Hello, Kitty. May I borrow your knife?

Though I don't particularly care about guns, I do care about excessive regulation and legislation. Like Mr. Howard says, "Life is too complex for a software program. All these choices involve value judgments, and social norms, not objective facts." Laws that attempt to cover every eventuality never will... but in the process of trying, they will restrict freedom rather than secure it. Says Mr. Howard: “we've been trained to squint into this legal microscope, hoping that we can judge any dispute against the standard of a perfect society, where everyone will agree what's fair, and where accidents will be extinct, risk will be no more. Of course this is Utopia, it's a formula for paralysis, not freedom.”

I listened to this speech while I was driving to St. George over the weekend. As I was driving, I started to think about the laws for driving. Cars pass me. I pass cars. Cars speed past my car within a several feet -- but it doesn't worry me. And what prevents me from worrying? Paint. Yellow paint and white paint. Yes, sometimes cars cross the paint when they shouldn't. Accidents happen. (I'll use “accident” and “crash” interchangeably, though they aren't the same -- most things people call accidents are avoidable crashes; but that's a tangent) We could try to prevent all accidents by putting cars on rails and making them all go the same speed. That would be insanely expensive and impractical... and idiotic. And, even if cars lived on rails, we would still have malfunctions, and bad weather and accidents.

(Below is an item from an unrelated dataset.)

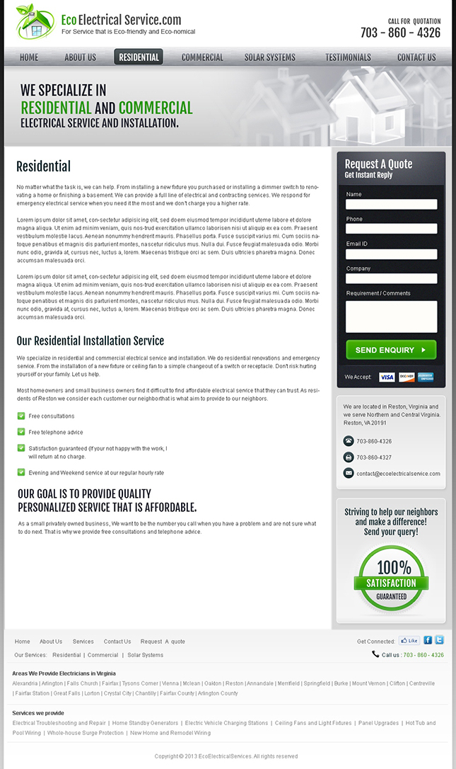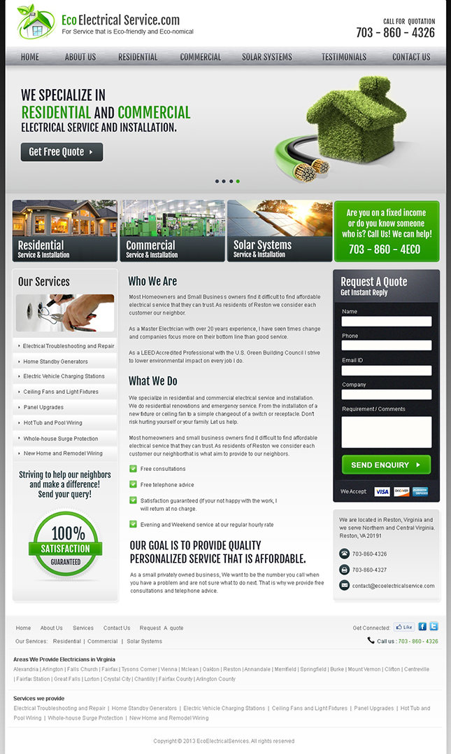EcoElectrical, Inc is a Northern Virgina based Electrical Services company, they have specialized in providing quality professional service in the DC metro area. EcoElectrical approached AvigoSystems for Search Engine Optimized custom website that portrayed a professional image and was consistent with their branding.

How beautiful is paint! It's flexible and cheap and works well. In the cases where a human needs to use their judgment and break outside of the boundaries to avoid an accident, he can.

Let people have agency. Let some use it poorly. Let most use it wisely.

And lest you think I'm advocating anarchy or getting rid of all law, I'm not. I am advocating simple paint solutions. Draw some general lines and let people fill in the spaces. It is not a government's job to eliminate all pain or possibilities for pain.

This one about octopus and dragonflies was interesting. So was this one about simplifying legal jargon; and it's short.


...now I'm hoping that I don't get in a car accident tomorrow... or accidentally get shot.

4 comments:

Barbaloot said...

Seeing as I have a concealed permit in my wallet, I guess you could figure out how I feel:)But I promise I'll never own a gun with Hello, Kitty on it. That's creepy.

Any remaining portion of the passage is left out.